Я ощутил на себе чей-то взгляд. Чуть слева от меня стоял юрист в черной робе с двумя молодыми джентльменами в ярких камзолах, выкрашенных дорогой краской, и с жемчугом на шапках. Юрист был молод, лет двадцати пяти — невысокий худой парень с узким умным лицом, с глазами навыкате и реденькой бородкой. Он пристально смотрел на меня, а поймав мой взгляд, отвел глаза.

Я повернулся к Коулсвину:

— Вы знаете этого юриста, что стоит с двумя молодыми попугаями?

Филип покачал головой:

— Пожалуй, видел его пару раз в судах, но не знаком.

— Не важно.

По толпе пробежала новая волна возбуждения, когда с Литтл-Бритн-стрит вошла процессия. Новые солдаты окружали троих человек в длинных белых рубахах, одного молодого и двоих средних лет. У всех были застывшие лица с дикими, испуганными глазами. А за ними двое солдат несли стул с привлекательной светловолосой молодой женщиной лет двадцати пяти. Стул покачивался, и она вцепилась в его края, а ее лицо дергалось от боли. Это и была Анна Эскью, которая бросила мужа в Линкольншире, чтобы прийти проповедовать в Лондоне, и говорила, что святое причастие — не более чем кусок хлеба, который заплесневеет, как любой другой, если его оставить в коробке.

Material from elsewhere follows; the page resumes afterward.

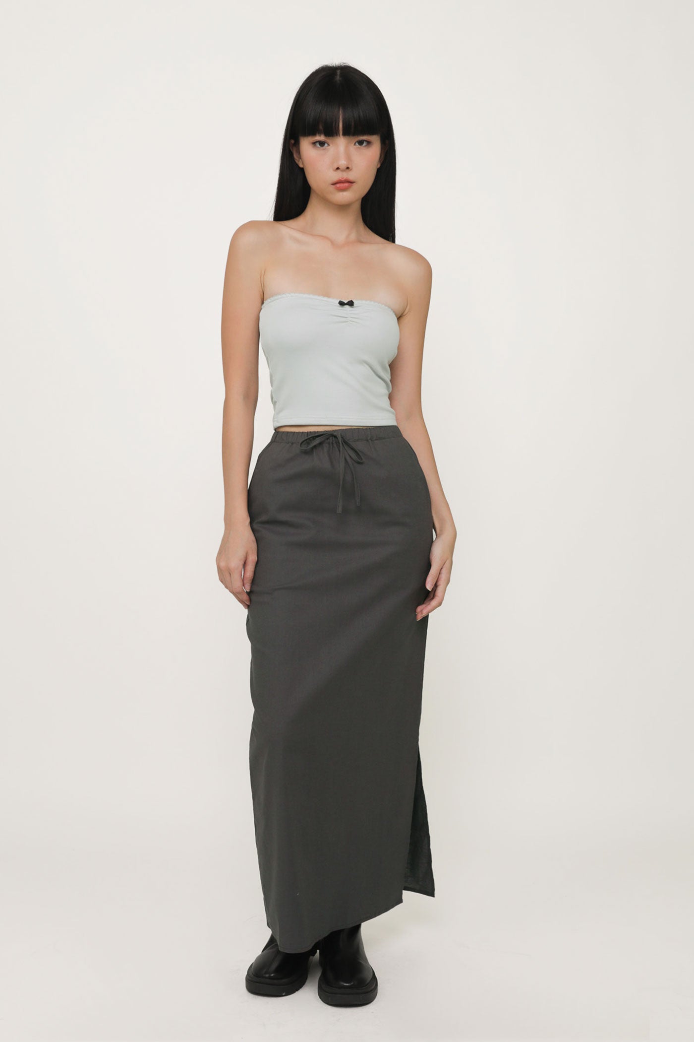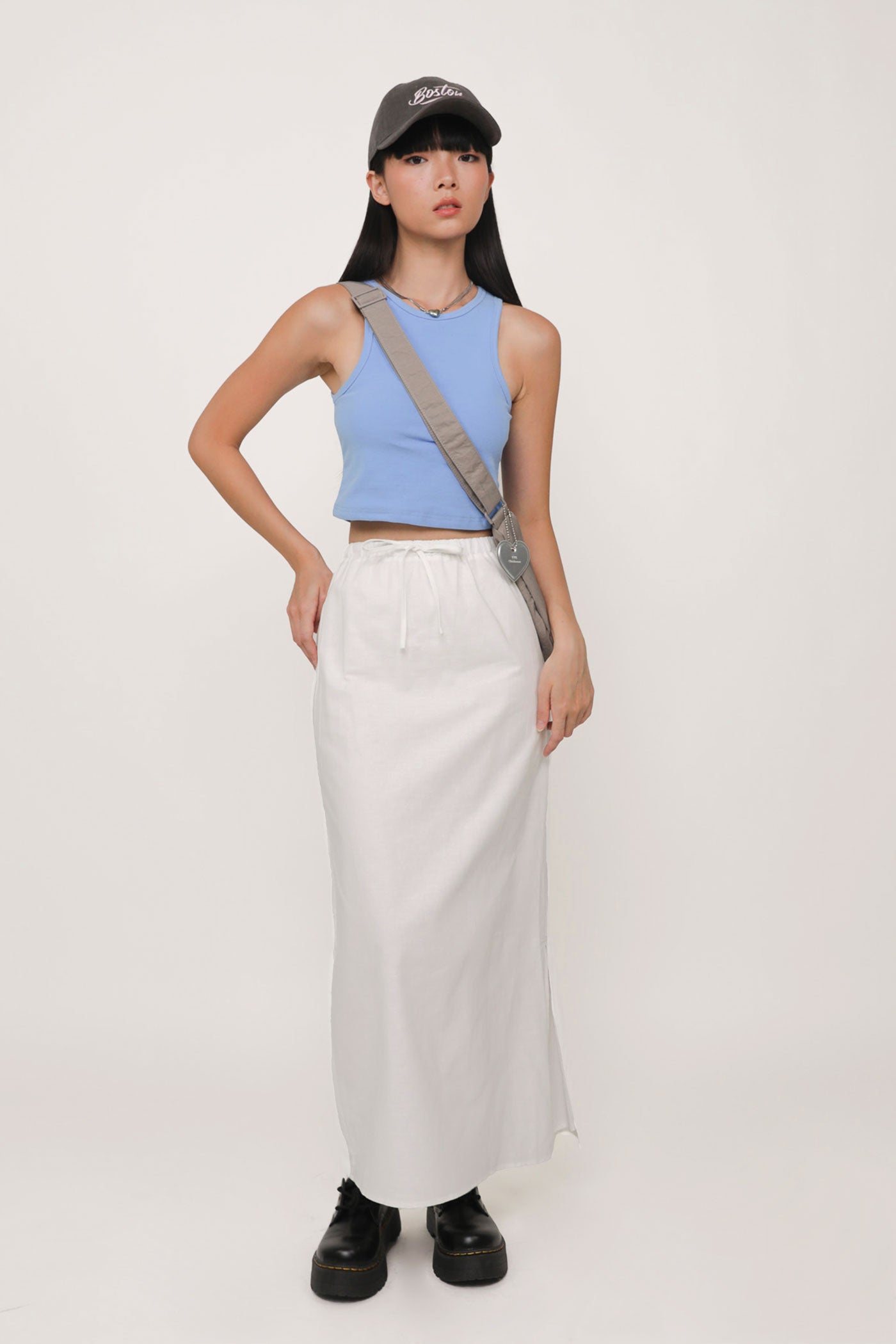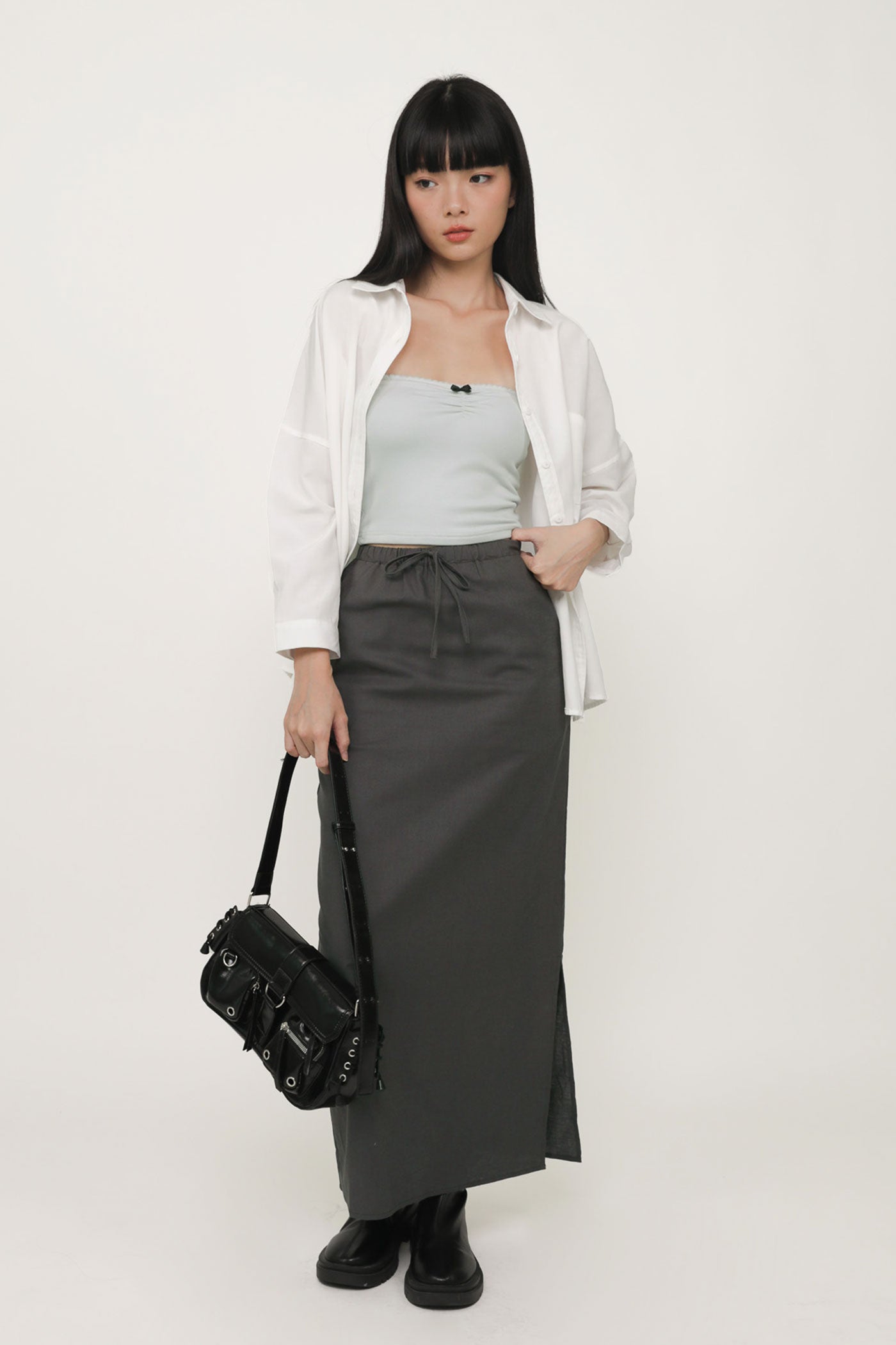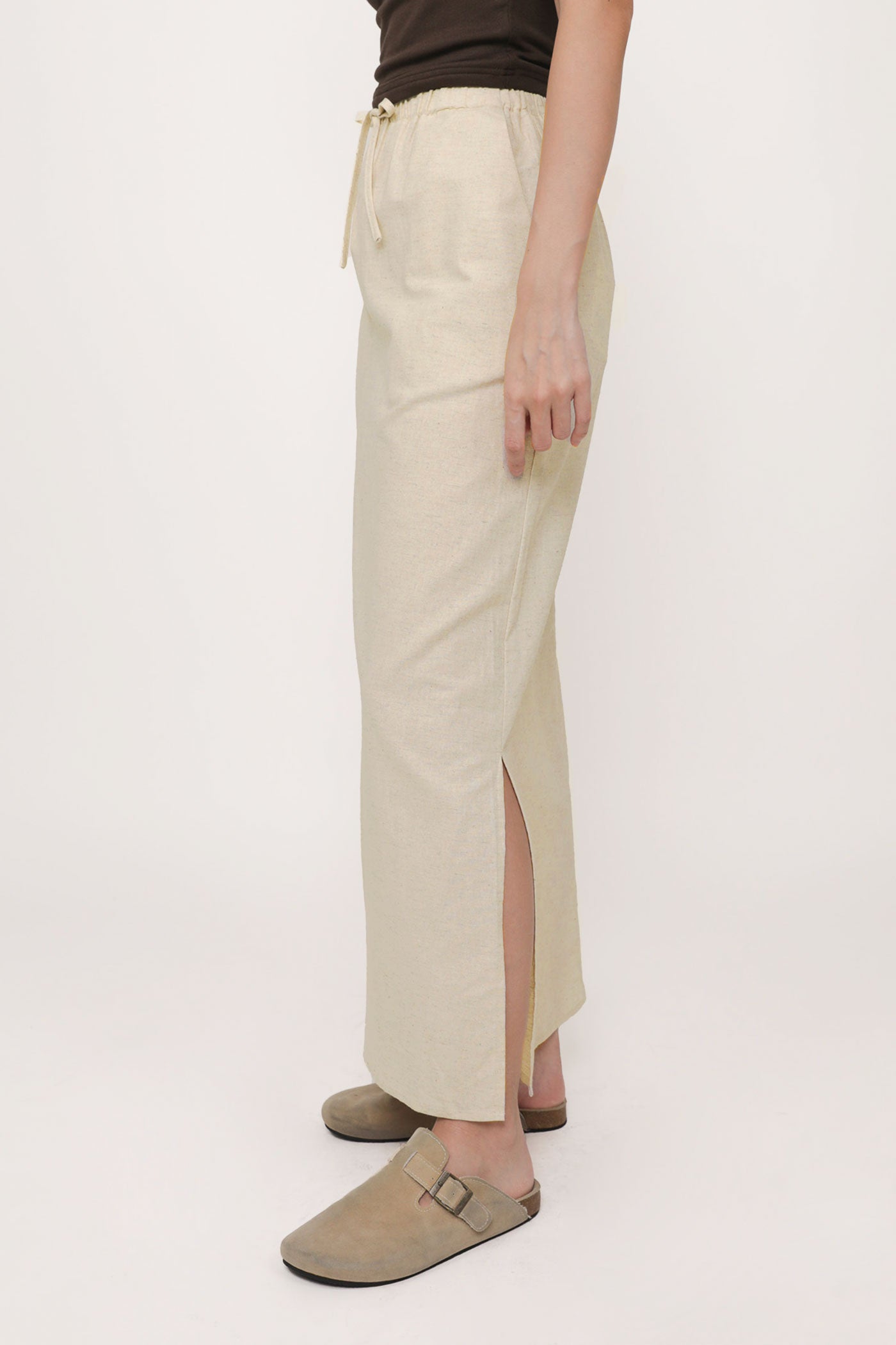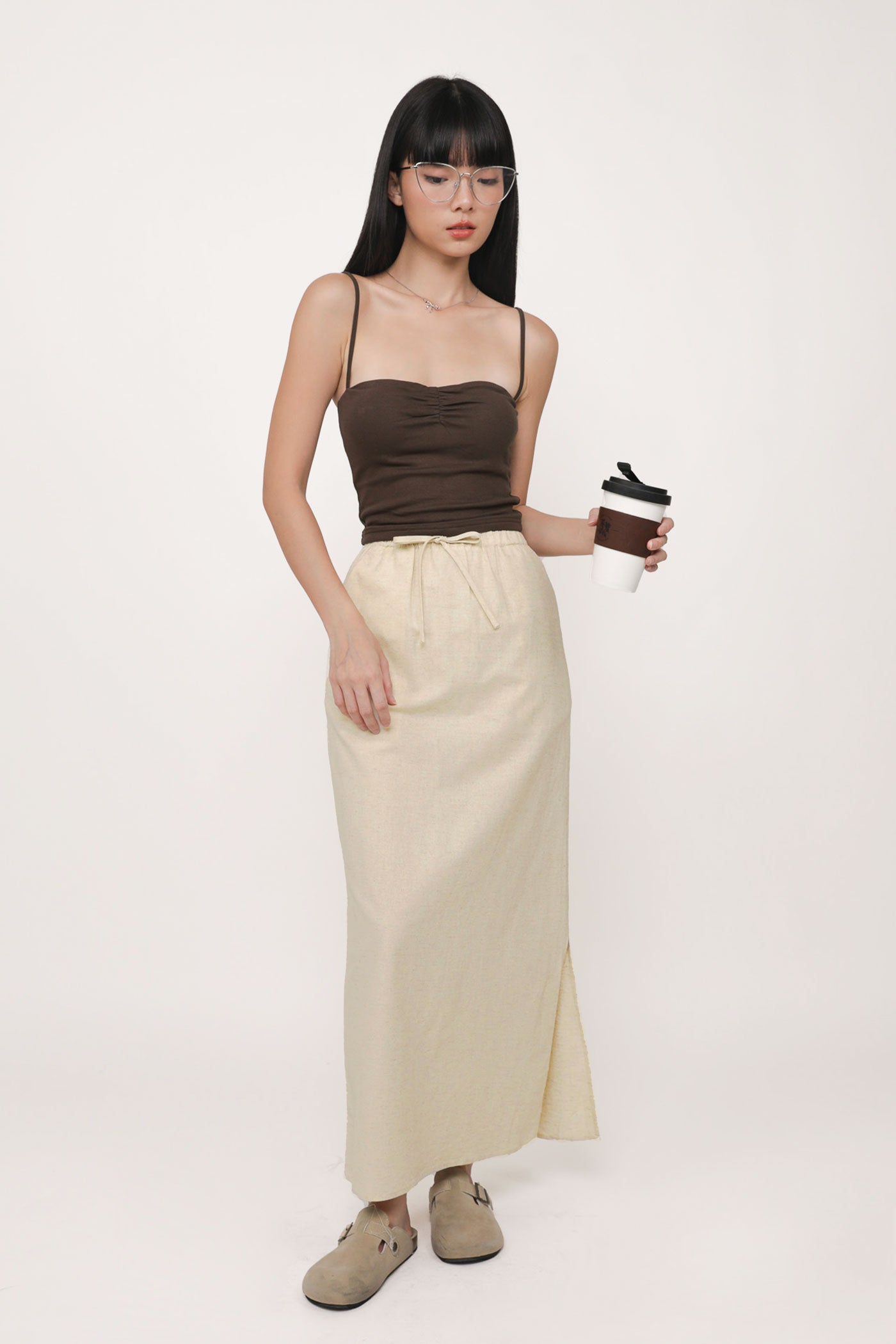 Draw in the spring chic mood with Jaden. Jaden Linen Drawstring Maxi Skirt is a simple, sleek piece that invites an elegant flair to a simple outfit. From breezy tees to feminine tops, Jaden complements your casual wardrobe easily. Create charming, comfy looks with Jaden.

— Я не знал, что она так молода, — прошептал Коулсвин.

Несколько констеблей подбежали к горе хвороста и сложили несколько связок в кучу высотой примерно в фут. Затем все мы увидели, как туда повели троих мужчин. Ветки трещали под ногами констеблей, когда они привязывали двоих из них — спина к спине — к одному столбу, а третьего к другому. Послышалось звяканье цепей, когда ими закрепляли лодыжки, пояс и шею несчастных. Потом к третьему столбу поднесли Анну Эскью на стуле. Солдаты поставили ее, и констебли приковали ее цепями за шею и талию.

— Значит, это правда, — сказал Коулсвин. — Ее пытали в Тауэре. Видите, она не может сама стоять.

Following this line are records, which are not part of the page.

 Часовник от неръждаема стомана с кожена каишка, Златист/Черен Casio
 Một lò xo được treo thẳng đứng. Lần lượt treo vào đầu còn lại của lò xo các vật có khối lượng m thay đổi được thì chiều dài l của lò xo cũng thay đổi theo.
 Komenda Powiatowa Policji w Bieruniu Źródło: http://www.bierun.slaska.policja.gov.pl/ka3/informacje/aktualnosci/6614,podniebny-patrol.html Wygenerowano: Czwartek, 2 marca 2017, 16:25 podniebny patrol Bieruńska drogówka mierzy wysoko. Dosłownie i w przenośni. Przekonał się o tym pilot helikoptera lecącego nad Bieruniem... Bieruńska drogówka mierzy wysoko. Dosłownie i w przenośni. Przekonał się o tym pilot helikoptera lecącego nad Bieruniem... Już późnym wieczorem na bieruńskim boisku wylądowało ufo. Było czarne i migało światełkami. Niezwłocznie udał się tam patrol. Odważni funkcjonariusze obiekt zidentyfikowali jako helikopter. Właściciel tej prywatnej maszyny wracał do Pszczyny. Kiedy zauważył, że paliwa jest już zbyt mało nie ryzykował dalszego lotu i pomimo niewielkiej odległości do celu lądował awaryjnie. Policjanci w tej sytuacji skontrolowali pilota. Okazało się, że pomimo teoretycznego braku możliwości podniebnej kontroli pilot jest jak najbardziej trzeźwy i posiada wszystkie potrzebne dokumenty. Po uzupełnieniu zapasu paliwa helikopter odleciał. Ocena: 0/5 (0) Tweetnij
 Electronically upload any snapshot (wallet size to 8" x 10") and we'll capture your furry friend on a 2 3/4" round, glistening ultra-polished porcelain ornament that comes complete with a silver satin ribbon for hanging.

— Но зачем пытать несчастное создание, когда она уже приговорена? — вырвалось у меня.

— Одному Богу известно.

Солдат вынул из корзины четыре коричневых мешочка, каждый размером с кулак, и аккуратно привязал их к шее каждой жертвы. Приговоренные инстинктивно отшатнулись. Из старого помещения у ворот вышел констебль с зажженным факелом, который бесстрастно встал у ограждения. Все глаза обратились к нему. Толпа затаила дыхание.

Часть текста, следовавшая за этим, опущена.